* **Provided data**
------------------------------------------------
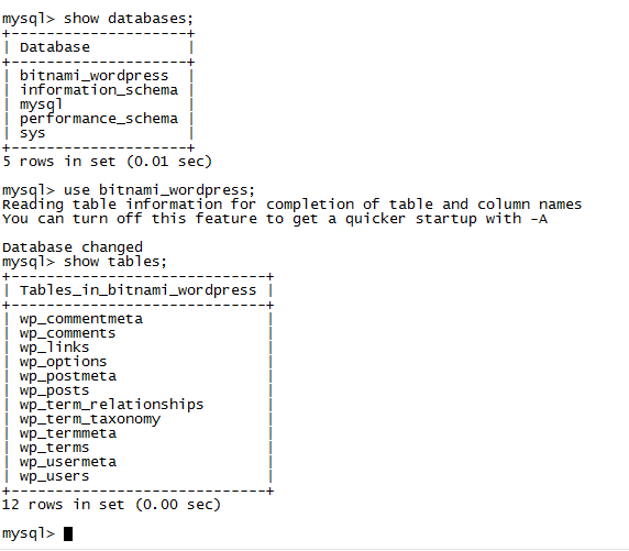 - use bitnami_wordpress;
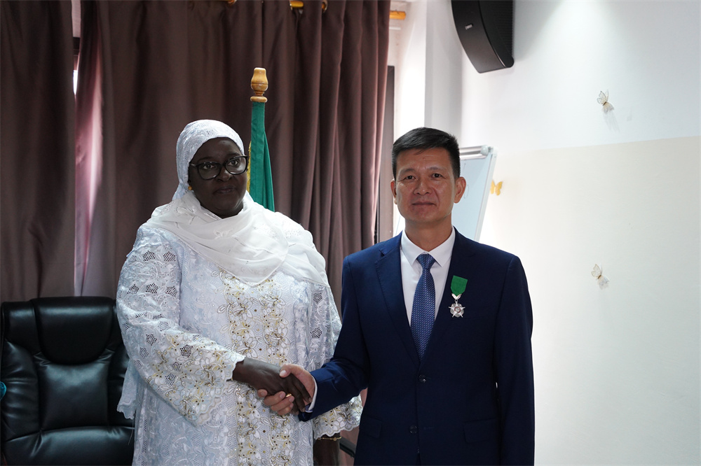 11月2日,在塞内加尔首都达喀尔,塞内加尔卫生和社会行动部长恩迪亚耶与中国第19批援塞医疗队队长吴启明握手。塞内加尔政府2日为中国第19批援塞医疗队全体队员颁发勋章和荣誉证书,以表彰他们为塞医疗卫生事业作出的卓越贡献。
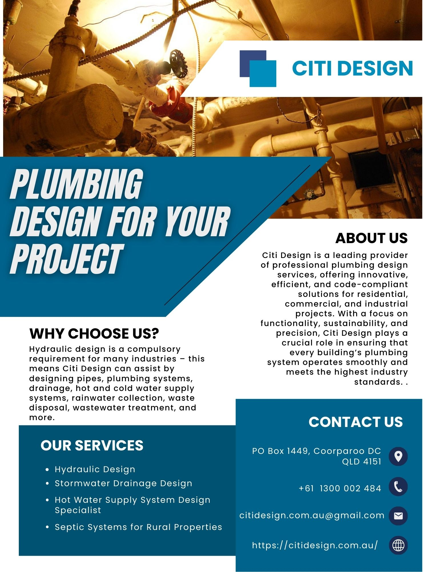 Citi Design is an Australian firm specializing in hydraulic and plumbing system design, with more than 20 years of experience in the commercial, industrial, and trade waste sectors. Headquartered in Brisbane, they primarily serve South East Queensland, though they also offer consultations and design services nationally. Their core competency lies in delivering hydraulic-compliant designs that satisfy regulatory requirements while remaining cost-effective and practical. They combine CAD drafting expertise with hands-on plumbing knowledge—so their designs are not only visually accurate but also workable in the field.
------------------------------------------------
* **Work item**
What the answer needs is every line from the one with "11月2日,在塞内加尔首都达" through the last line of the data, reproduced word for word and with pictures omitted.

* **Your response**
 11月2日,在塞内加尔首都达喀尔,塞内加尔卫生和社会行动部长恩迪亚耶与中国第19批援塞医疗队队长吴启明握手。塞内加尔政府2日为中国第19批援塞医疗队全体队员颁发勋章和荣誉证书,以表彰他们为塞医疗卫生事业作出的卓越贡献。
 Citi Design is an Australian firm specializing in hydraulic and plumbing system design, with more than 20 years of experience in the commercial, industrial, and trade waste sectors. Headquartered in Brisbane, they primarily serve South East Queensland, though they also offer consultations and design services nationally. Their core competency lies in delivering hydraulic-compliant designs that satisfy regulatory requirements while remaining cost-effective and practical. They combine CAD drafting expertise with hands-on plumbing knowledge—so their designs are not only visually accurate but also workable in the field.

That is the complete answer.